American confection launched in 1982

Nerds is an American candy launched in 1982 by the Sunmark Corporation under the brand name Willy Wonka Candy Company. Nerds are now made by the Ferrara Candy Company, a subsidiary of Ferrero Group, but the brand is still distributed internationally by Nestlé under a licensing agreement with Ferrero. With their anthropomorphic covers, Nerds usually contain two flavors per box, each flavor having a separate compartment and opening.

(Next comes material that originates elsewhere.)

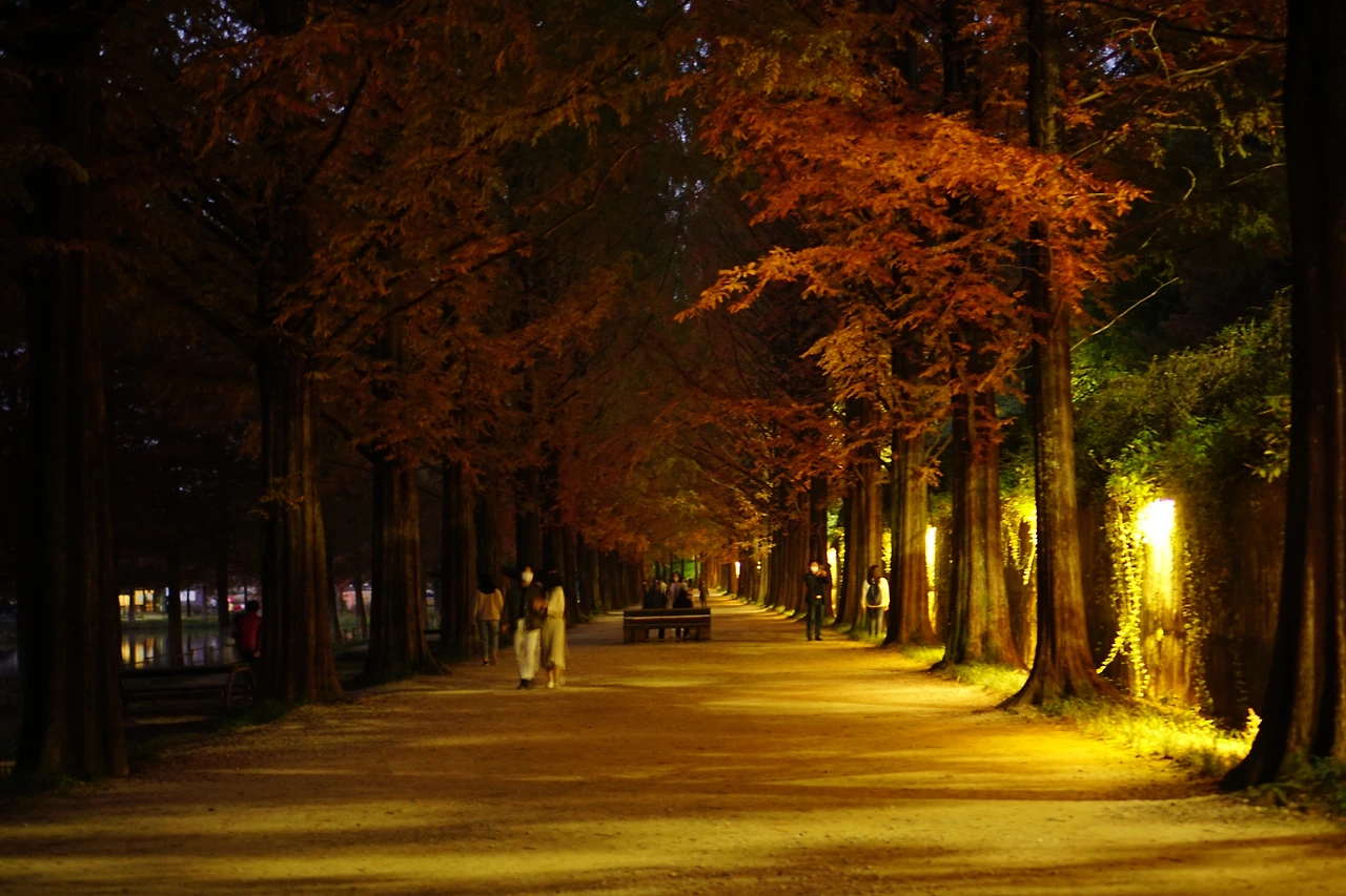 해가 뉘엿뉘엿 질 무렵에 메타세콰이어길에 간다. 좀 늦은 감이 있지만 저녁엔 광주에 사는 친구를 만나기로 했기 때문에 입구라도 보고오자 하는 아쉬운 마음에서였다. 낮에 왔으면 참 좋았을 것을!

Nerds were first introduced in 1982 and rolled out nationally in 1984. It was developed by a team led by marketing manager Angelo Fraggos at Sunmark's Willy Wonka Candy division and targeted at tweens with allowance money. The dual-chamber design of its box was driven by research that showed boys preferred pouring the candy into their mouths, while girls tended to place it in their hands.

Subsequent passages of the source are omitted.